Your goal:
Would you retype the listing word for word, skipping its pictures?

Information supplied:
BEGIN

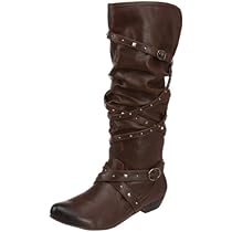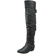 Get clued into your sassy style with this knee high boot from Breckelle's. Tammy41 brings you a leatherette upper with a buckle on the major cuff detail. Completed on a low 1 inch wedge heel. Easy slide on and off. Avaliable in 3 colors!
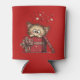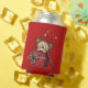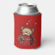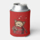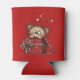 A can cooler with a cute drawing of a little kitten poking its head out of a gift box.
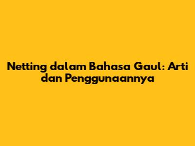 Bahasa gaul terus berkembang, menciptakan istilah-istilah baru yang unik dan menarik. Salah satu istilah yang mungkin sering kamu dengar adalah "netting." Tapi, apa sebenarnya arti netting dalam bahasa gaul? Dan bagaimana cara menggunakannya dengan tepat? Mari kita bahas tuntas!

END

Worked solution:
 Get clued into your sassy style with this knee high boot from Breckelle's. Tammy41 brings you a leatherette upper with a buckle on the major cuff detail. Completed on a low 1 inch wedge heel. Easy slide on and off. Avaliable in 3 colors!
 A can cooler with a cute drawing of a little kitten poking its head out of a gift box.
 Bahasa gaul terus berkembang, menciptakan istilah-istilah baru yang unik dan menarik. Salah satu istilah yang mungkin sering kamu dengar adalah "netting." Tapi, apa sebenarnya arti netting dalam bahasa gaul? Dan bagaimana cara menggunakannya dengan tepat? Mari kita bahas tuntas!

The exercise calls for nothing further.